У всякого древнего рода есть свои реликвии. Вечным спутником семейства Делакруа стал дуб-патриарх, растущий у фамильного склепа. Однако соседство их неслучайно, а гробница скрывает ужасную тайну…
Впервые в DARKER перевод с немецкого языка, готическая история в исполнении нашего современника из Германии.
DARKER. № 6 июнь 2014
MARKUS K. KORB, “EIN GANZ BESONDERER SAFT”, 2003
Рамоне Шроллер
В день, когда в фамильном склепе обнаружились мумифицированные тела, я отмечал свой десятый день рождения. Пришли все мои школьные друзья.

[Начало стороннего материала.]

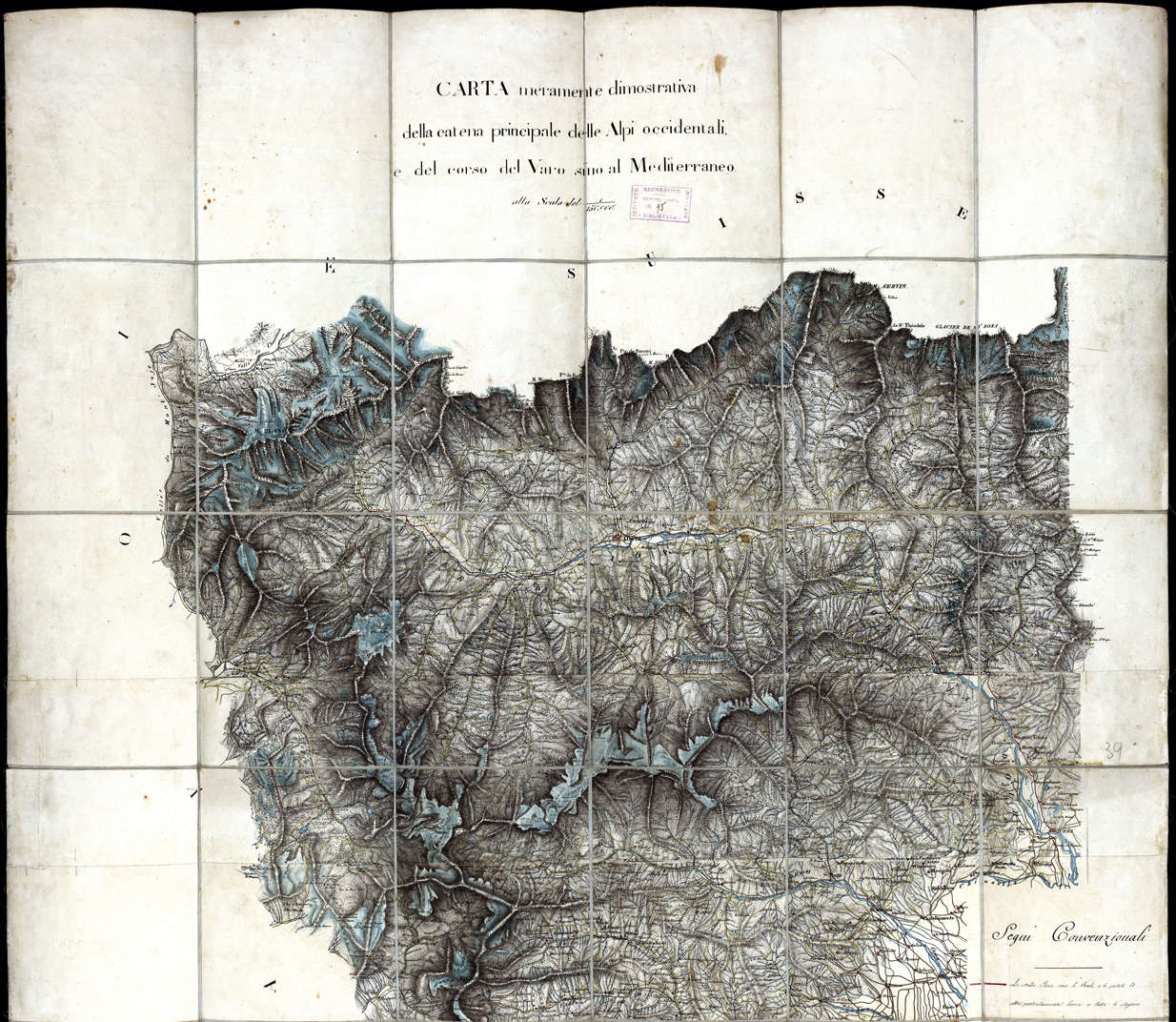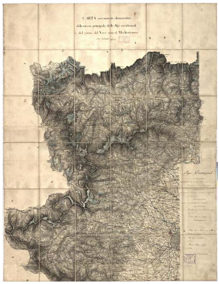 CARTA MERAMENTE DIMOSTRATIVA DELLA CATENA PRINCIPALE DELLE ALPI OCCIDENTALI E DEL CORSO DEL VARO SINO AL MEDITERRANEO - Foglio 1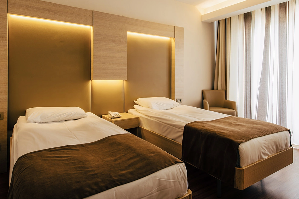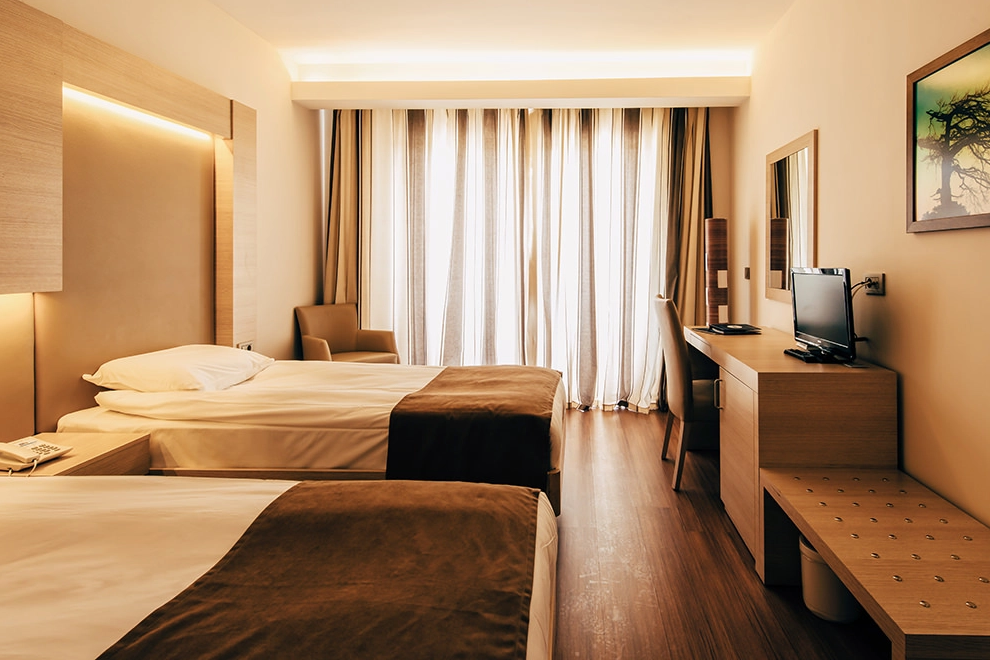 Хотелът посреща гостите си в 421 климатизирани стаи. Всички са оборудвани с телевизор, телефон, минибар, сейф в стаята, самостоятелна баня. Почистване на стаите - всеки ден, смяна на спално бельо - 3 пъти седмично.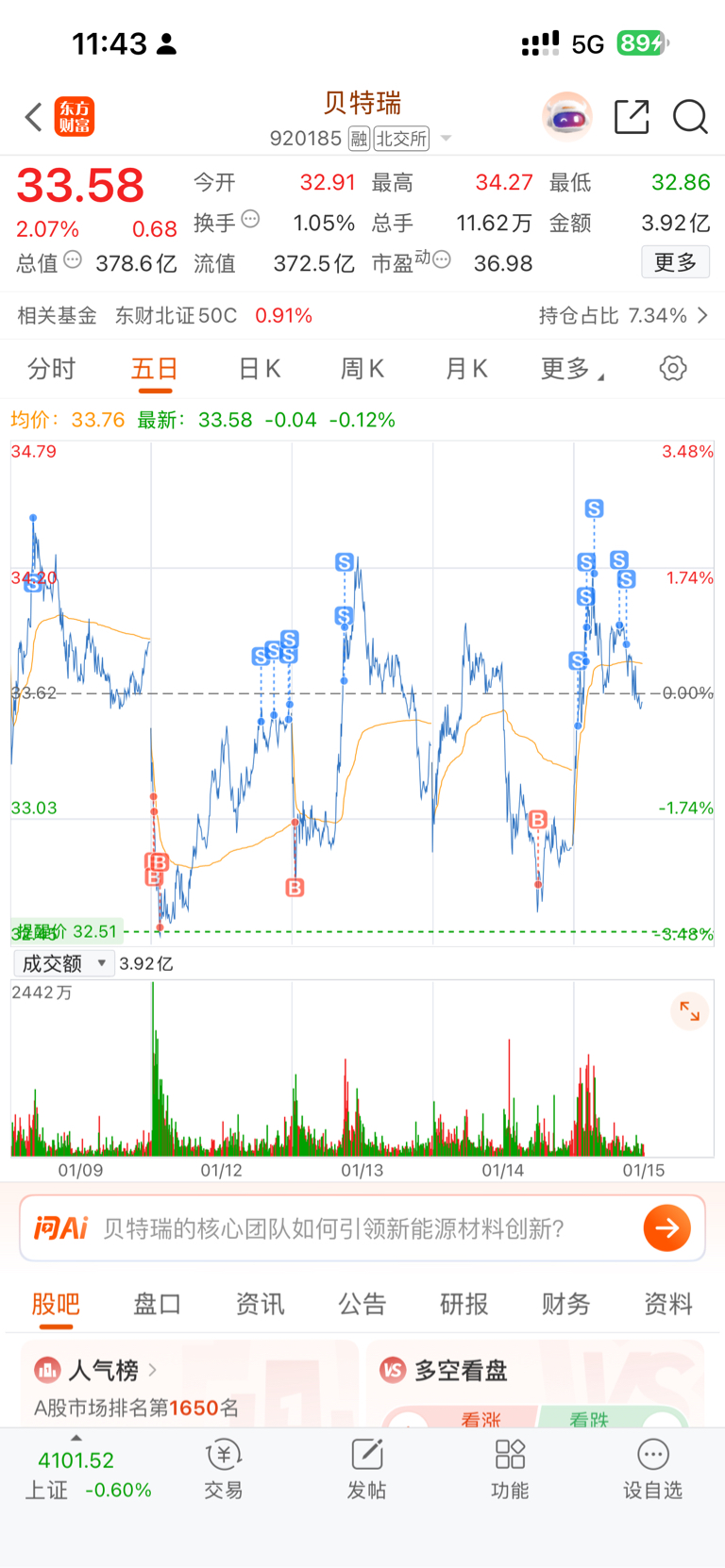 $贝特瑞(SZ920185)$ 真墨迹清了下周再来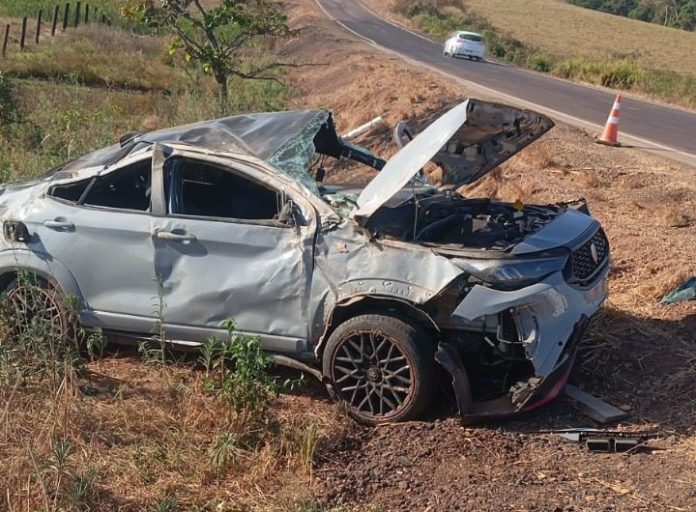 Um veículo Fiat Fastback, ano 2024, cinza, acabou capotando na tarde de ontem, domingo (10), no Km 237 da rodovia MT-320 em Carlinda.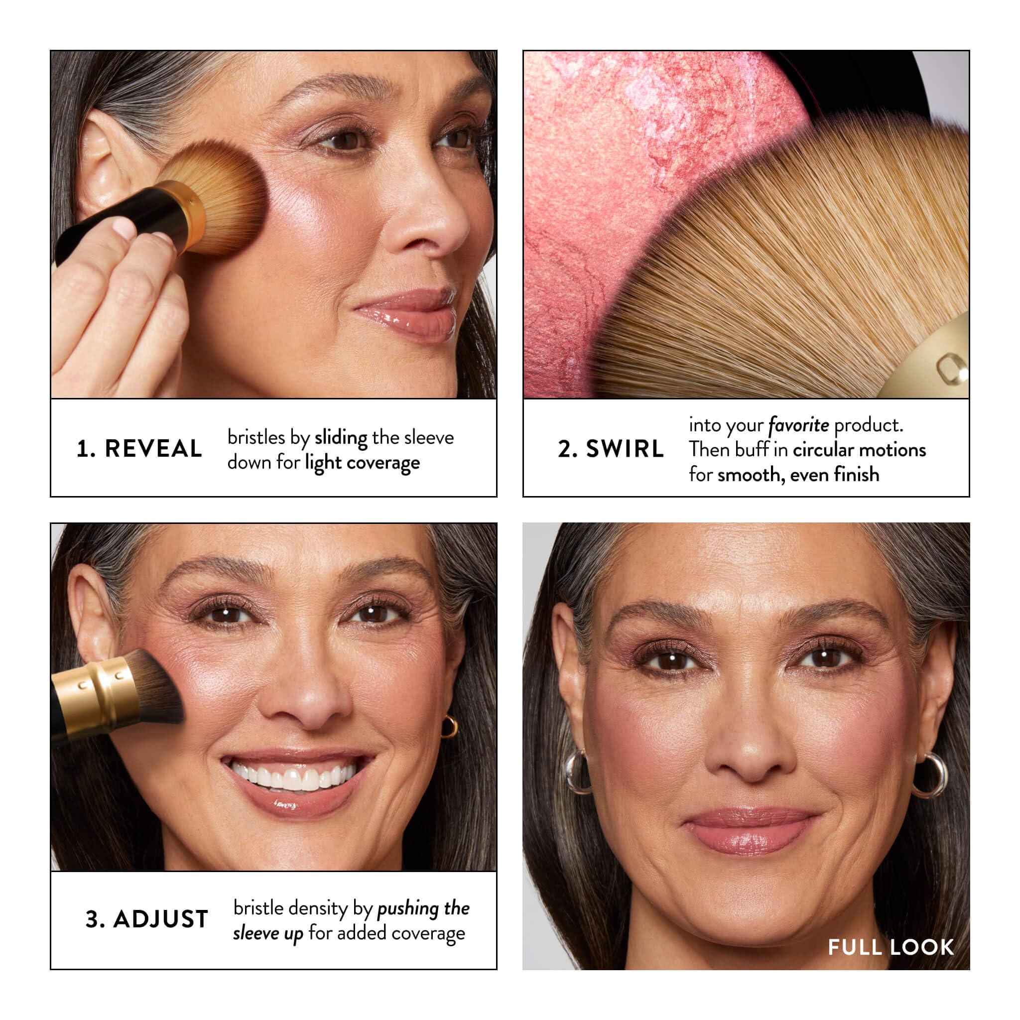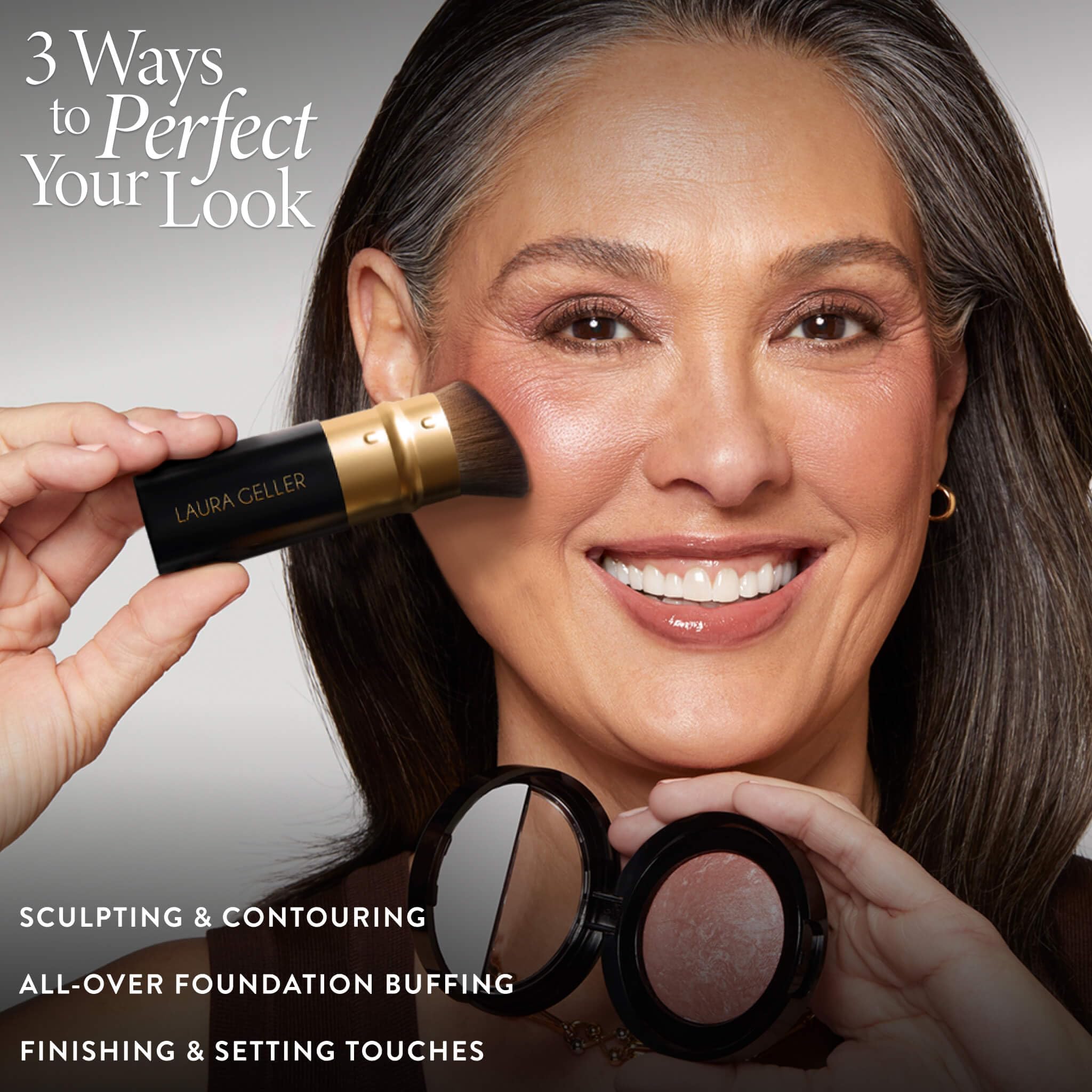 PERFECT FOR LIQUID, CREAM, AND POWDER PRODUCTS:If you only have one brush in your makeup bag, this is the one to have—it works with loose and pressed powders, is a quadruple-threat (use it wiith foundation, color, highlight, or contour), and even packs away easy for travel.

Веселая ватага ребятишек носилась по особняку моих родителей, возведенному на пригорке, подальше от дороги. Место прекрасно подходило для нашей горланящей шайки, состоявшей исключительно из мальчишек. Больше всего нам нравилось играть в прятки. С каким же удовольствием мы носились взад и вперед по скрипучим деревянным лестницам, выискивали укромные уголки в многочисленных нежилых комнатах, где мебель, накрытая белыми простынями, походила на сборище застывших привидений. Мы забирались под столы, втискивались в затхлые платяные шкафы и старые комоды. И там с трепетом в сердце ждали, когда послышатся шаги водящего.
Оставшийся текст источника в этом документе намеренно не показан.